▸ The problem:
The data below should be restated word for word, pictures omitted.

▸ Dataset content:
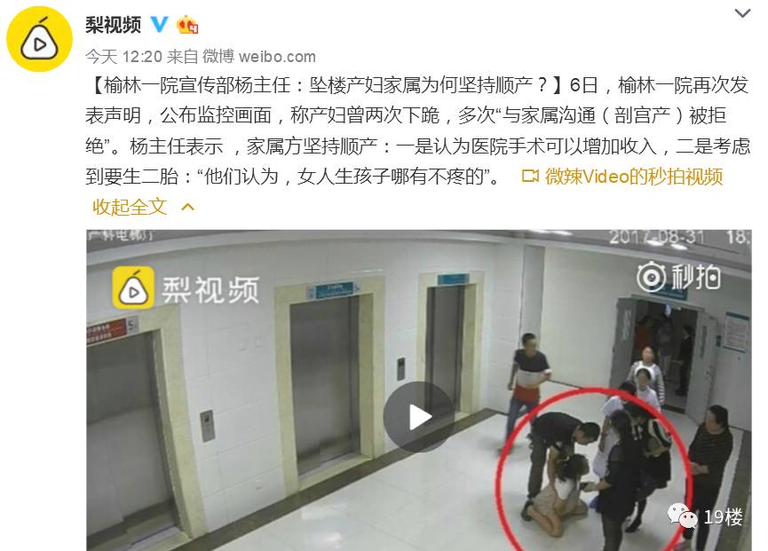 日前发生在陕西榆林市的产妇跳楼身亡事件,由于家属和医院双方就“谁拒绝了剖腹产”这一关键环节各执一词,使事件陷入了扑朔迷离的“罗生门”。 最新消息:这起事件所涉主治医生已经被停职,以配合警方调查。当地卫计部门也已经介入调查。 榆林一院杨主任 产妇家属为要二胎坚持顺产 榆林一院宣传科的杨主任接受采访表示,家属方坚持顺产,可能有两个原因:一是认为医院手术可以增加收入,二是考虑到要生二胎。 “他们认为,女人生孩子哪有不疼的,谁没疼过呢”。 ▼以下截图来自微博@梨视频
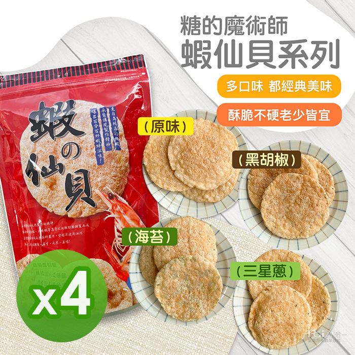 蝦仙貝(原味&海苔&黑胡椒&三星蔥)(60g)_4包組美味零食從不斷片原價699特價$519
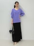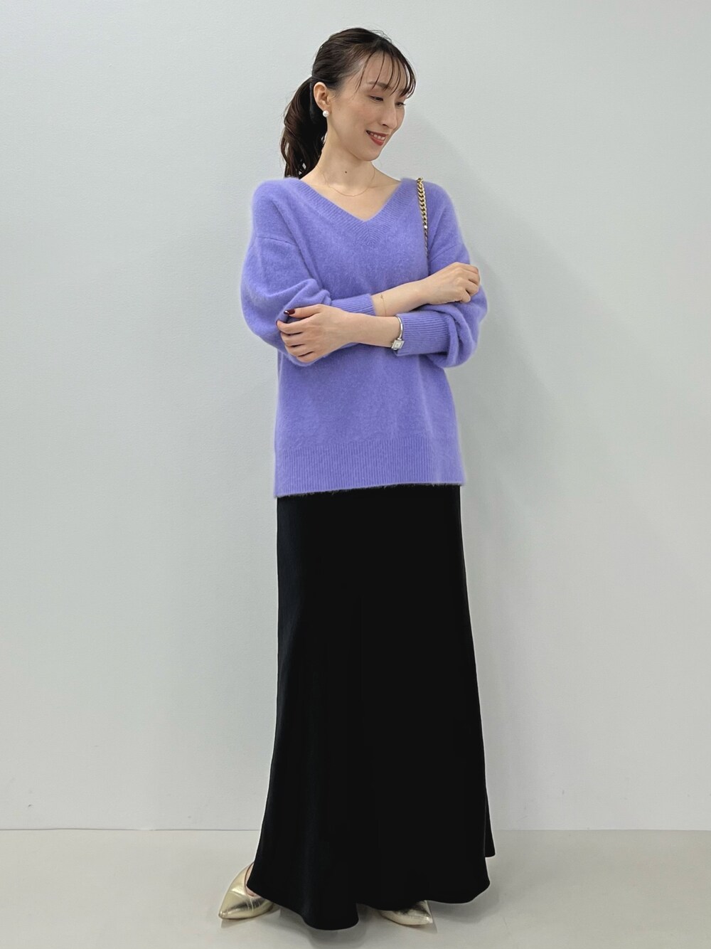 毎年大人気のヘアリーニットを使ったコーディネートのご紹介。 トップスは、Vネックとボートネックの前後2WAY着用可能です。 少しゆったりめのルーズ感がこなれた雰囲気です。 素材はカシミヤが5%入った上質ウールなので、肌触りもふわふわで軽くて暖かいです。 着丈は少しありますが、ロングスカートやワイドパンツ、どんなボトムスで出して着てもバランスが取れる絶妙なサイズ感です。 スカートは、ブライトサテンナロースカート。 ヴィンテージ感のあるサテン生地が大人な雰囲気です。 パープルのニットにブラックのロングスカートを合わせて、大人のカラーコーデに仕上げました。 ------------------------------------ Instagramでは ライブなどで商品紹介しています ▶︎▶︎ @ikeo_nol ◀︎◀︎ ------------------------------------

▸ Problem solution:
 日前发生在陕西榆林市的产妇跳楼身亡事件,由于家属和医院双方就“谁拒绝了剖腹产”这一关键环节各执一词,使事件陷入了扑朔迷离的“罗生门”。 最新消息:这起事件所涉主治医生已经被停职,以配合警方调查。当地卫计部门也已经介入调查。 榆林一院杨主任 产妇家属为要二胎坚持顺产 榆林一院宣传科的杨主任接受采访表示,家属方坚持顺产,可能有两个原因:一是认为医院手术可以增加收入,二是考虑到要生二胎。 “他们认为,女人生孩子哪有不疼的,谁没疼过呢”。 ▼以下截图来自微博@梨视频
 蝦仙貝(原味&海苔&黑胡椒&三星蔥)(60g)_4包組美味零食從不斷片原價699特價$519
 毎年大人気のヘアリーニットを使ったコーディネートのご紹介。 トップスは、Vネックとボートネックの前後2WAY着用可能です。 少しゆったりめのルーズ感がこなれた雰囲気です。 素材はカシミヤが5%入った上質ウールなので、肌触りもふわふわで軽くて暖かいです。 着丈は少しありますが、ロングスカートやワイドパンツ、どんなボトムスで出して着てもバランスが取れる絶妙なサイズ感です。 スカートは、ブライトサテンナロースカート。 ヴィンテージ感のあるサテン生地が大人な雰囲気です。 パープルのニットにブラックのロングスカートを合わせて、大人のカラーコーデに仕上げました。 ------------------------------------ Instagramでは ライブなどで商品紹介しています ▶︎▶︎ @ikeo_nol ◀︎◀︎ ------------------------------------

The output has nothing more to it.